SUN Ziru1, AI Qian1, JULAITI Abuliz2, HE Feng2, YUAN Shaowei2   

  1. 1. Department of Electrical Engineering, Shanghai Jiao Tong University, Shanghai 200240, China;
    2. Urumqi Power Supply Company, State Grid Xinjiang Electric Power Co., Ltd., Urumqi 830000, China
  • Received:2021-11-08 Revised:2022-04-20 Online:2022-08-28 Published:2022-08-18
  • Supported by:
    This work is supported by Science and Technology Project of SGCC (Modeling and Application Research on Renewable Energy Consumption in the Delivery Grid Considering Multi-Energy Combination, No.1400-202136216A-0-0-00)

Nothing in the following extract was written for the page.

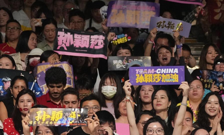 值得一提的是,這場比賽看臺上幾乎全部是孫穎莎的粉絲,她們舉着孫穎莎的燈牌,大喊吶喊,每當孫穎莎贏球的時候,現場立馬沸騰,氣勢排山倒海,然而當陳夢贏球的時候,現場聲音就小了很多,比較安靜,甚至連奪冠之後,導播找了好久才發現陳夢粉絲的身影。

Abstract: As the result of the ever-increasing penetration of new energy sources, particularly in order to facilitate the achievement of the dual carbon goals, it is of great importance to address the issue of seasonal fluctuations in the medium and long-term planning of new integrated energy systems. Firstly, this paper proposes a framework of multi-energy coupled integrated energy system considering both carbon flow and hydrogen energy. Choosing hydrogen-burning turbines instead of fuel cells as the hydrogen-electric coupling method, this paper investigates the process of hydrogen production-storage-use as seasonal energy storage. Secondly, in order to control the annual carbon emissions of the system, a futures-based carbon trading mechanism adapted to the annual planning of the system is proposed. This paper establishes an annual planning model for integrated energy systems in which the system modification cost, operation cost, carbon cost and penalty cost are set as the objective functions. The model is then solved using an improved differential evolutionary algorithm. Finally, the specific case study demonstrates that seasonal hydrogen storage can effectively smooth out the seasonal peak-to-valley difference of the net load curve. By virtue of the futures carbon trading mechanism, the system carbon trading cost can be reduced without exceeding the limit of the annual carbon emission of the system. The results of the algorithm can provide valuable reference for the annual planning of the new integrated energy system in the future.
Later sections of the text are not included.